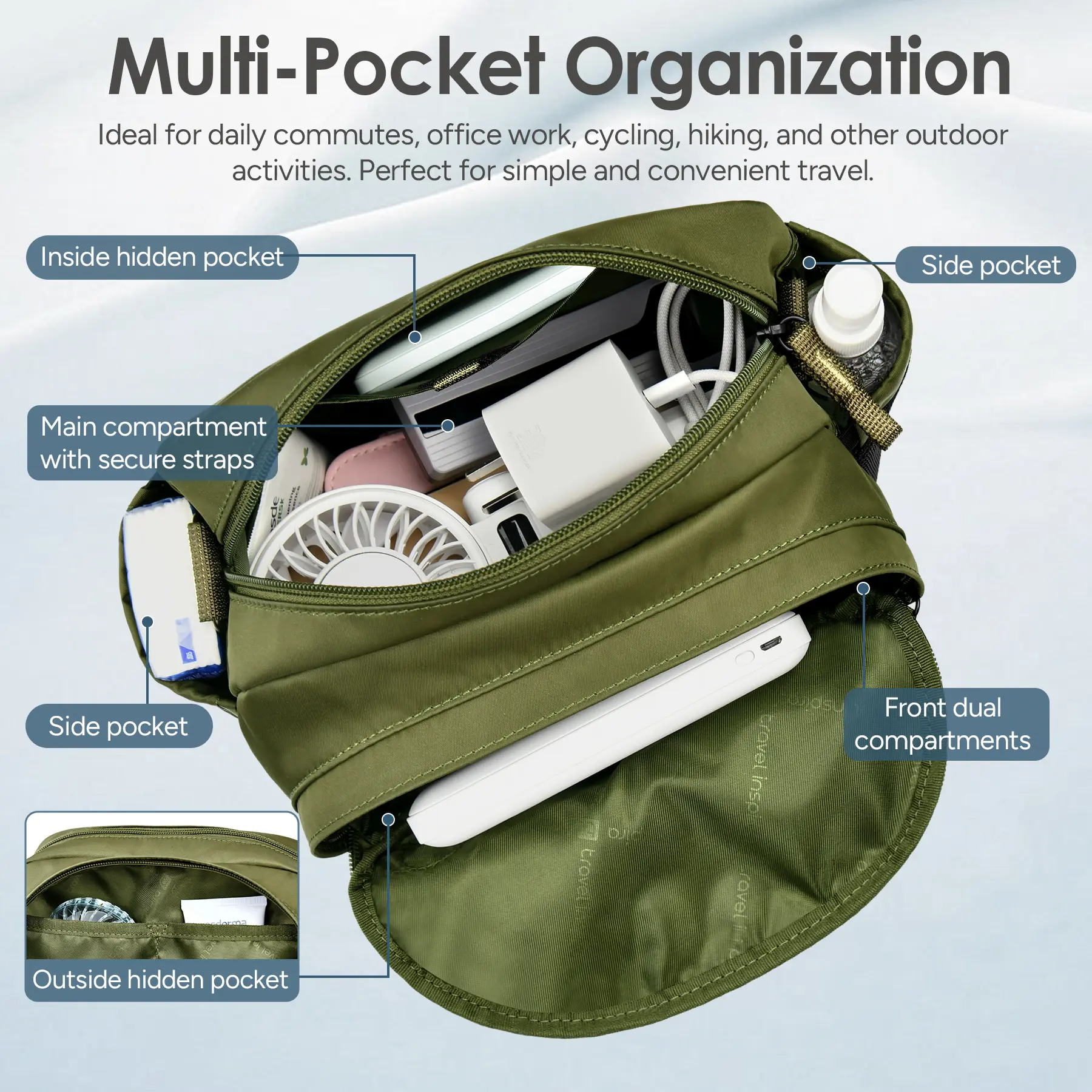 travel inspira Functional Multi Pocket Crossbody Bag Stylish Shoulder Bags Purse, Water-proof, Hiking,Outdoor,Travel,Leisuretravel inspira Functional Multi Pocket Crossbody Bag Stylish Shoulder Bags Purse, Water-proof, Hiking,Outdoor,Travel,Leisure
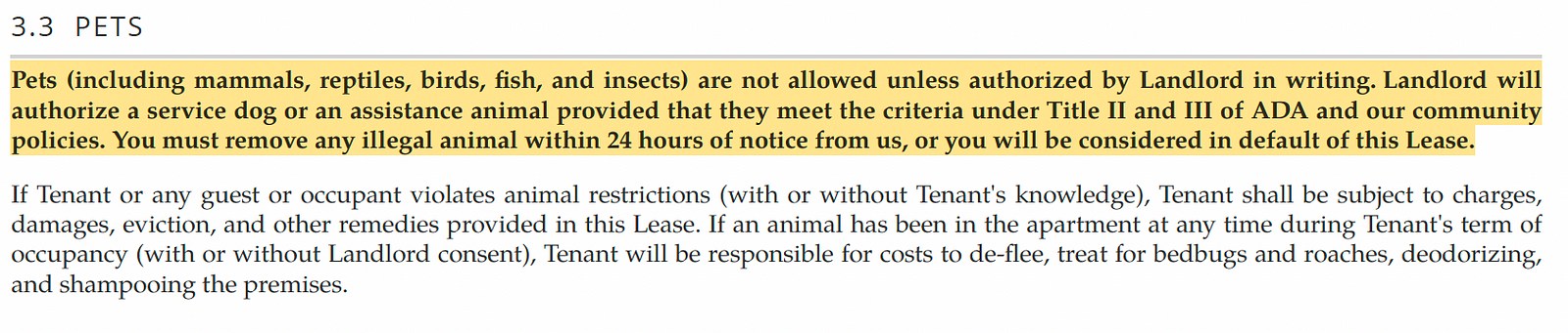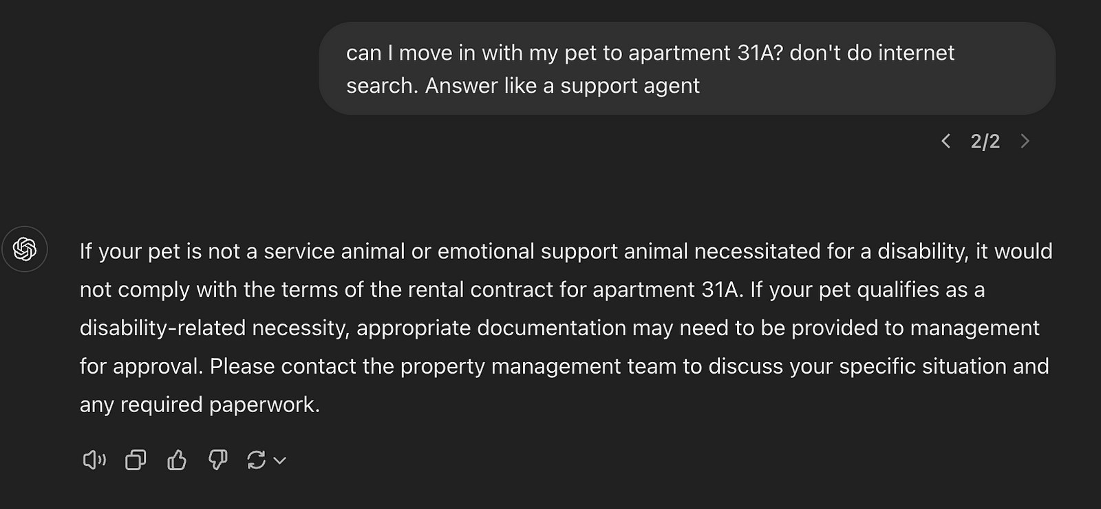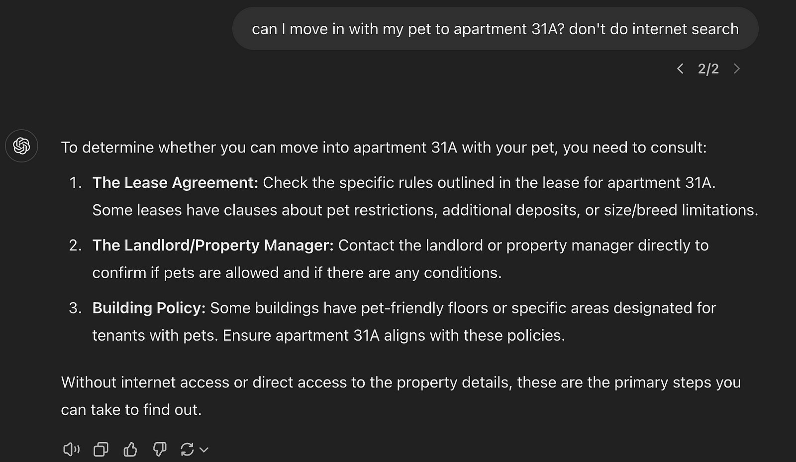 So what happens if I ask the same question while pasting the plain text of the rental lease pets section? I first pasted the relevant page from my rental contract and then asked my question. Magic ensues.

==

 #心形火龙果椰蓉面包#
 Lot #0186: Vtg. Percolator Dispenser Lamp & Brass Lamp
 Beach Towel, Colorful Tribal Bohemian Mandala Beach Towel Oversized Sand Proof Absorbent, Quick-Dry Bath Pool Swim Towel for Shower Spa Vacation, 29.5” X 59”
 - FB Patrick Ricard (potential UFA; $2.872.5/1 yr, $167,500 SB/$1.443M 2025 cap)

==

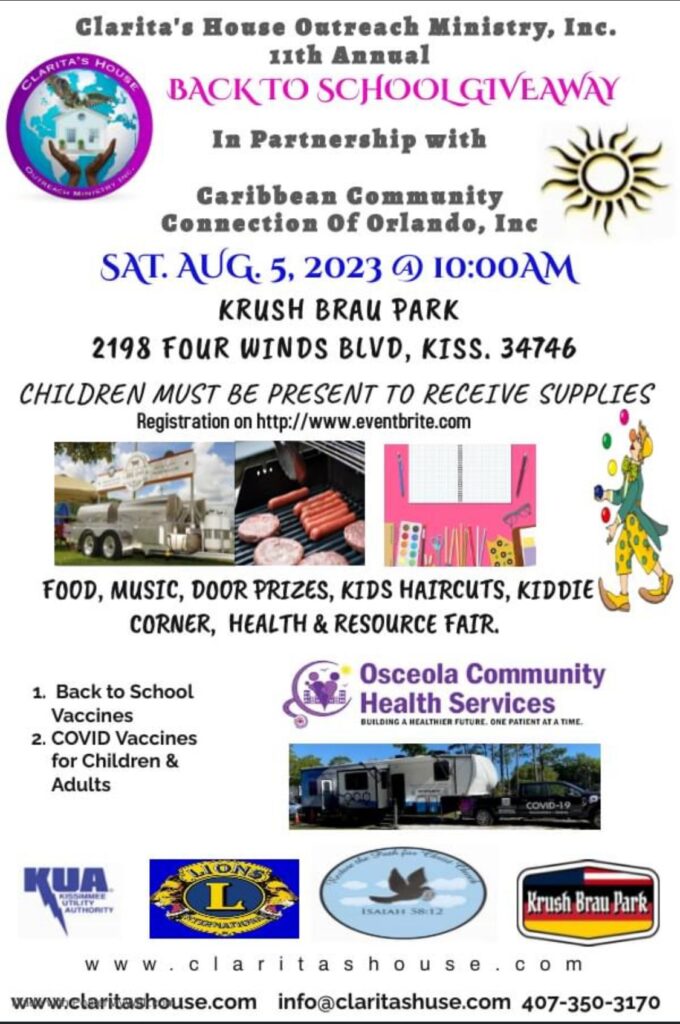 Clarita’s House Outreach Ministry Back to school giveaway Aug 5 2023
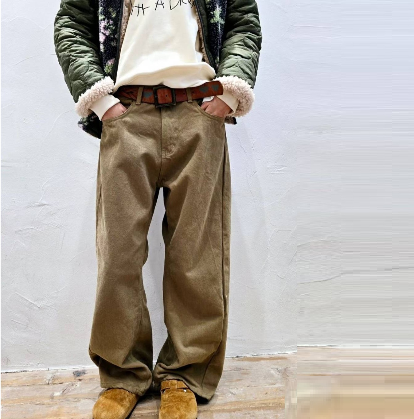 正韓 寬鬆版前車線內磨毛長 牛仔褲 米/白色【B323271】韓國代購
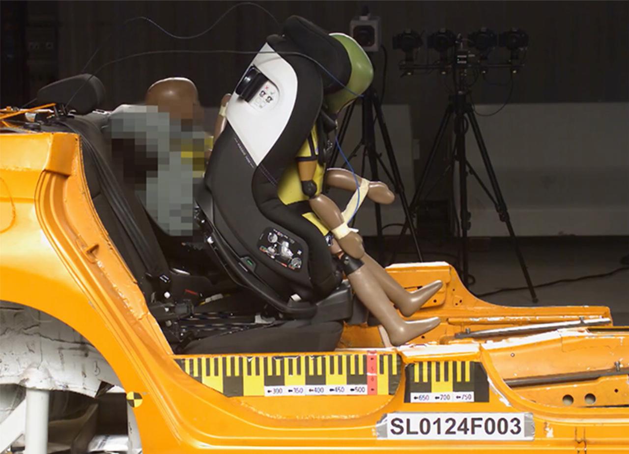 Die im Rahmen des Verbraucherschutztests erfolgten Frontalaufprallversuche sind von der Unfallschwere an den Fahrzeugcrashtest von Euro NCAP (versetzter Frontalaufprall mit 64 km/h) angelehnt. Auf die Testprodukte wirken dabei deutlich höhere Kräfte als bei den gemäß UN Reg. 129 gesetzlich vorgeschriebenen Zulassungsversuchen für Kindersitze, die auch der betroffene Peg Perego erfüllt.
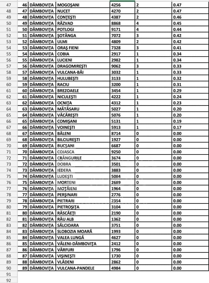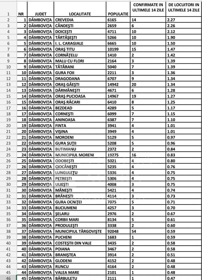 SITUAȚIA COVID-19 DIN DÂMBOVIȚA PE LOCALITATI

• **Exercise**
Using the entries above, return exactly the lines from the line with "Lot #0186: Vtg." to the line with "- FB Patrick", counting both of those lines.

• **Solution for this exercise**
 Lot #0186: Vtg. Percolator Dispenser Lamp & Brass Lamp
 Beach Towel, Colorful Tribal Bohemian Mandala Beach Towel Oversized Sand Proof Absorbent, Quick-Dry Bath Pool Swim Towel for Shower Spa Vacation, 29.5” X 59”
 - FB Patrick Ricard (potential UFA; $2.872.5/1 yr, $167,500 SB/$1.443M 2025 cap)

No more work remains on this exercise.